Monday, October 20, 2008

A "tetchy" letter from England

Richard Wood is an old friend of 40 years. He's also a Yorkshireman, which means he speaks his mind.

So it was that I opened my e-mail this morning to find this letter (below), which he himself describes as "tetchy."

You can sense his impatience (even anger) not only with America generally but with me in particular for my choice of subjects these past few days. He is accusing us of ignorant trivializing of this election's significance to the planet.

The rest of the world has about had it with the American electorate and this campaign. Richard doesn't even cite the worst of it. The attack ads, the voting machines that change your vote (go here), the voter suppression, the robo-calls, the transformation of politics into entertainment (Read "Amusing Ourselves to Death"), the racism, the hateful claques at the rallies.

There's a lot to get tetchy about.

Here is Richard's letter.

Are climate change, ecology, the environment, the immediate future of the physical planet itself issues at all with the American public?

In your three current posted stories - the disastrous local landslide, Cindy's dollars, and the debate by the would-be presidents, there is no hint of awareness that there are huge policy questions waiting to be answered.

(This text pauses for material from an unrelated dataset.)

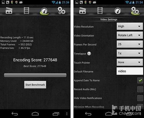 屏幕录制也就是我们所说的内录,这个工作需要手机的性能相当强,目前的ScreenCast Recover在大部分高端机型上已经有了不错的表现,当然首先是要应用支持。而录制的选项也包括了录制的清晰度,录制的帧数以及录制时屏幕倾斜方向等, 在录像过程中还允许用户来进行拍照。

The whole world is watching.

We don't care what the next president looks like, his sex appeal, whether he makes eye contact, how many zillion dollars his wife earns, how heroic or cowardly he was in Vietnam. We want to know if he is going to kick-start America's involvement in saving the planet. Does he (do you) make the link between natural disaster and climate change? Did a natural fault line create the landslide or was it the result of more than usually violent weather patterns? If the latter, are they related to what used to be called global warming?

Here in North Yorkshire we have had three successive relentlessly wet summers, as predicted by the climate change theorists. We have had massive flooding, with water pouring through the homes of thousands of people more than once each summer. Snow is a thing of the past. A whole generation of under-20s has grown up without ever seeing snow, in a county whose winters were once dominated by snow and ice.

There are climate change skeptics, but not many. Most people are now making uncomfortable shifts in the way they live, think and behave.

There are many, many great American scientists standing by for signals from the new American political leadership that the dark days of Bush ignorance are over, that your country is ready to play its part in combating man-induced climate change. You are the greatest users of non-renewable energy in the world. How willing is the new leadership going to be to wake the people up, get them started on massive changes in personal habits?

Does Obama mean what he says when he promises America will have cut off its dependence on Middle East oil within 10 years? Dare he and does he know how to go about this? What are his links with Al Gore; how prepared is he to listen to and learn from him?

Let's hear these questions asked loudly so that we know what these guys are truly made of.
Maybe the mesmerising line running across the TV screen during the next debate could reflect the responses of the political blog writers!